Starting with the line that contains "商品名称:齐心(COMIX)A5201 毛毡多面夹层 大容量收纳数码册 B6 灰", copy every line through the end of the listing, exactly and only those. No pictures should appear in the copy.

==============================

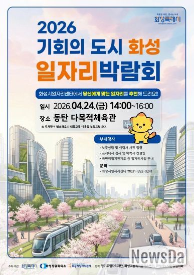 뉴스다 최광묵 기자 | 화성특례시는 오는 24일 동탄 다목적체육관에서 구인 기업의 인력난 해소와 구직자의 성공적인 취업을 지원하기 위한 ‘2026년 화성시 일자리박람회’를 개최한다. 이번 박람회는 화성특례시 출범 이후 강화된 지역 경제의 역동성을 바탕으로, 기업과 구직자 간 실질적인 매칭을 통해 체감도 높은 고용 성과를 창출하기 위해 마련됐다.
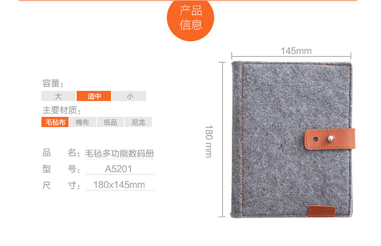 商品名称:齐心(COMIX)A5201 毛毡多面夹层 大容量收纳数码册 B6 灰
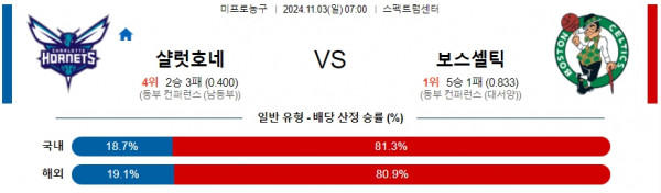 2024 11월 03일 샬럿 보스턴 NBA 분석
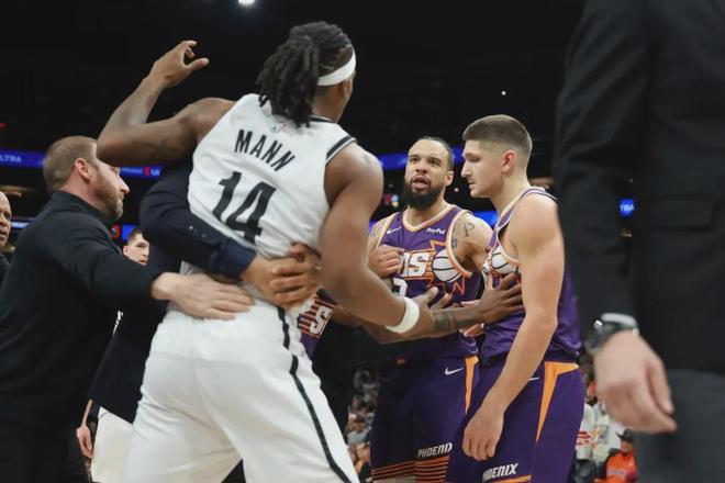北京时间1月28日,NBA常规赛:太阳主场106-102险胜篮网。第四节还剩1分18秒,双方爆发冲突:多人倒地争抢地板球,篮网新秀杰明将狄龙-布鲁克斯推倒。罗伊斯-奥尼尔推了一把杰明,曼恩又上前推奥尼尔,小波特也加入战斗。
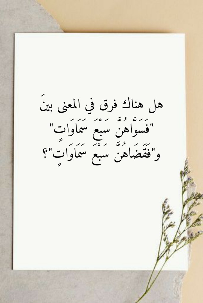 فالعبارةُ القرآنية “فَسَوَّاهُنَّ سَبْعَ سَمَاوَاتٍ” تحملُ ذاتَ المعنى الذي تنطوي عليه العبارةُ القرآنية “فَقَضَاهُنَّ سَبْعَ سَمَاوَاتٍ”. وكلُّ زعمٍ بأن هنالك تبايناً في المعنى بين هاتين العبارتَين القرآنيتَين الجليلتَين ما هو إلا تحكيمٌ لمنطقِ عقلِنا البشري في كلامِ اللهِ تعالى الذي لن نقدرَه حقَّ قدرِه إلا من بعدِ أن نُقِرَّ بأنَّ منطقَه الإلهي ليس له بالضرورة أن يتطابقَ ويتماهى مع منطقِ عقلِنا البشري.
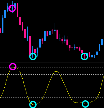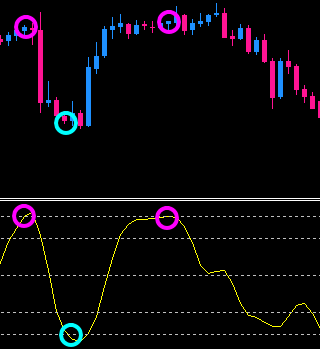 この投資法はチャートの天底がはっきりするオシレーター型のオリジナルインジケーターを使います。
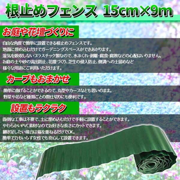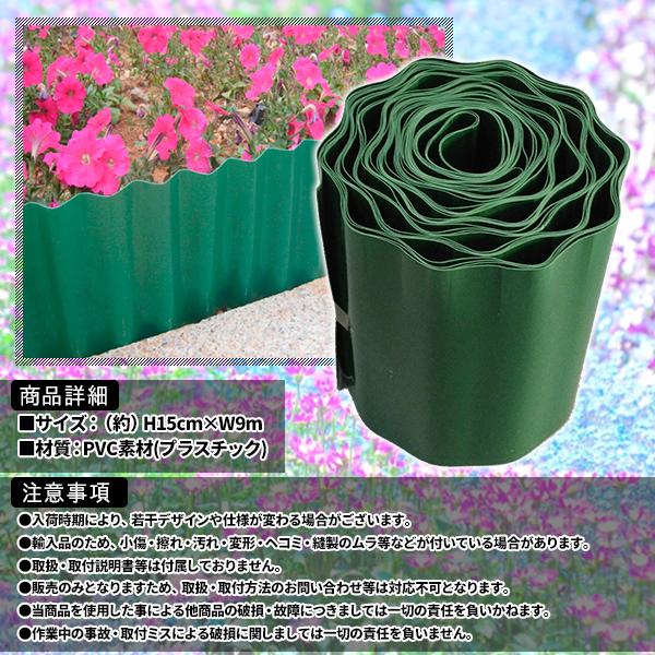 花壇 仕切り 15cm × 9m 根止め 囲い 土ストッパー 芝 根止め 高さ ウェーブエッジ ブロック フェンス プラスチック 柵 打ち込み 雑草 芝 根 庭 ガーデニング
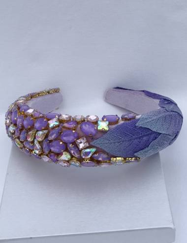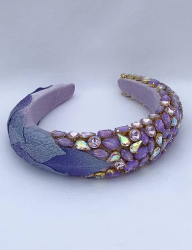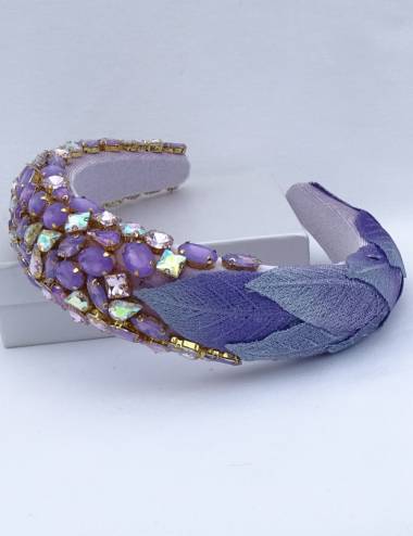 Diadema de fiesta en tonos malvas y violeta. Fabricada artesanalmente a mano con pedrería de gran calidad y hojas bordadas en tonos a juego.

==============================

▶ [Written answer]:
 商品名称:齐心(COMIX)A5201 毛毡多面夹层 大容量收纳数码册 B6 灰
 2024 11월 03일 샬럿 보스턴 NBA 분석
北京时间1月28日,NBA常规赛:太阳主场106-102险胜篮网。第四节还剩1分18秒,双方爆发冲突:多人倒地争抢地板球,篮网新秀杰明将狄龙-布鲁克斯推倒。罗伊斯-奥尼尔推了一把杰明,曼恩又上前推奥尼尔,小波特也加入战斗。
 فالعبارةُ القرآنية “فَسَوَّاهُنَّ سَبْعَ سَمَاوَاتٍ” تحملُ ذاتَ المعنى الذي تنطوي عليه العبارةُ القرآنية “فَقَضَاهُنَّ سَبْعَ سَمَاوَاتٍ”. وكلُّ زعمٍ بأن هنالك تبايناً في المعنى بين هاتين العبارتَين القرآنيتَين الجليلتَين ما هو إلا تحكيمٌ لمنطقِ عقلِنا البشري في كلامِ اللهِ تعالى الذي لن نقدرَه حقَّ قدرِه إلا من بعدِ أن نُقِرَّ بأنَّ منطقَه الإلهي ليس له بالضرورة أن يتطابقَ ويتماهى مع منطقِ عقلِنا البشري.
 この投資法はチャートの天底がはっきりするオシレーター型のオリジナルインジケーターを使います。
 花壇 仕切り 15cm × 9m 根止め 囲い 土ストッパー 芝 根止め 高さ ウェーブエッジ ブロック フェンス プラスチック 柵 打ち込み 雑草 芝 根 庭 ガーデニング
 Diadema de fiesta en tonos malvas y violeta. Fabricada artesanalmente a mano con pedrería de gran calidad y hojas bordadas en tonos a juego.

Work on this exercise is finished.